Records drawn from a dataset
[Start of section]

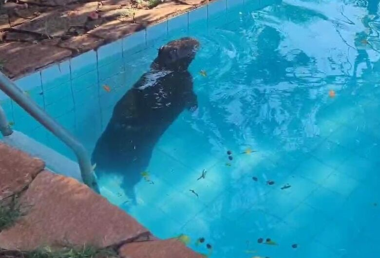 Segundo as informações policiais, o morador, de 81 anos, acionou a polícia depois de encontrar o animal nadando em sua piscina, sem conseguir sair.
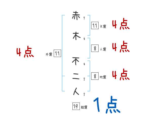 赤木不二人さんの画数の鑑定結果
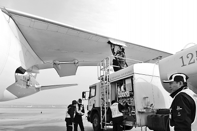 11月21日,在北京首都國際機場,工作人員為海南航空HU497航班的波音787客機加注生物航煤。(新華社發(fā))
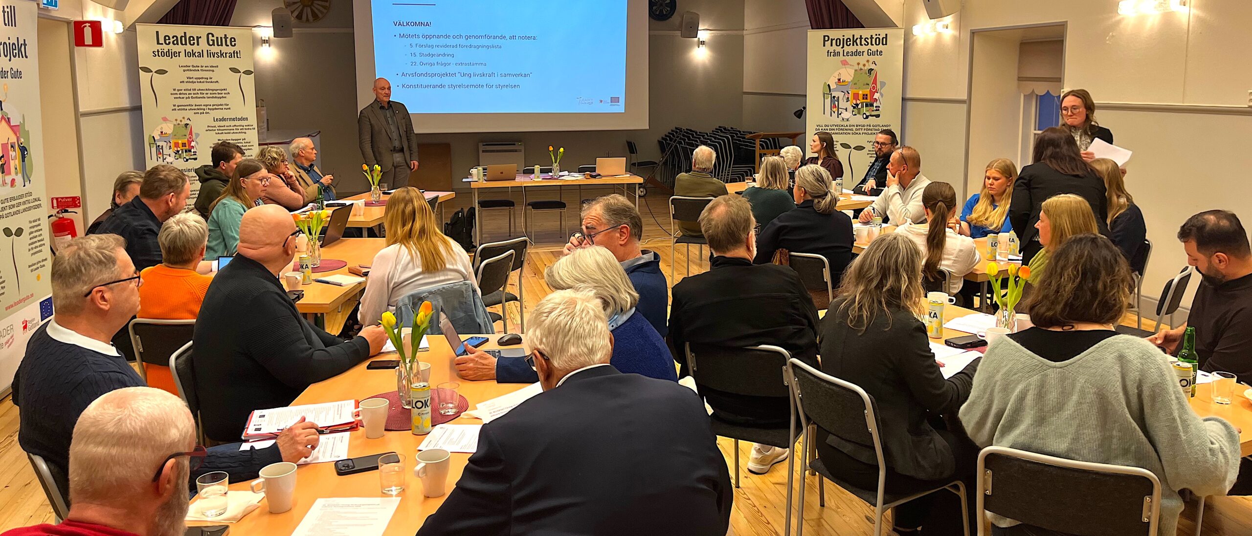 Till årets föreningsstämma hälsade Leader Gutes ordförande Magnus Gustafsson ett drygt 30-tal deltagare välkomna. Stämman leddes av Kjell Norman, styrelseordförande i Gotland Grönt Centrum, som utsågs till mötesordförande.
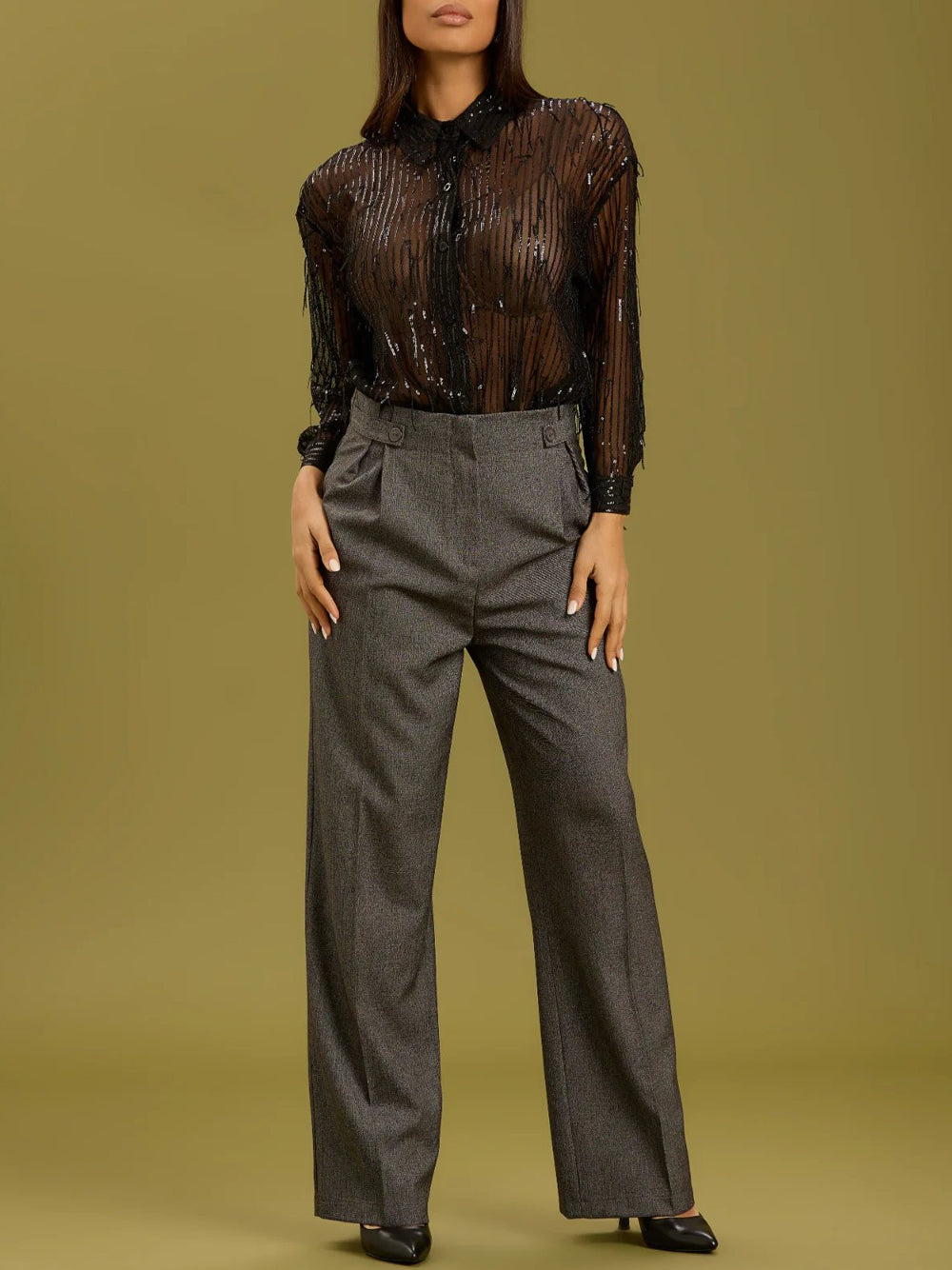 Pantalone Palazzo Con Pences Grisaglia Take Two da Donna - Grigio

[End of section]

● Directions for this task: In the answer, repeat exactly the lines from the top of the entries above through the line with "11月21日,在北京首都國際", and leave pictures out of it.

● Result for this exercise:
 Segundo as informações policiais, o morador, de 81 anos, acionou a polícia depois de encontrar o animal nadando em sua piscina, sem conseguir sair.
 赤木不二人さんの画数の鑑定結果
 11月21日,在北京首都國際機場,工作人員為海南航空HU497航班的波音787客機加注生物航煤。(新華社發(fā))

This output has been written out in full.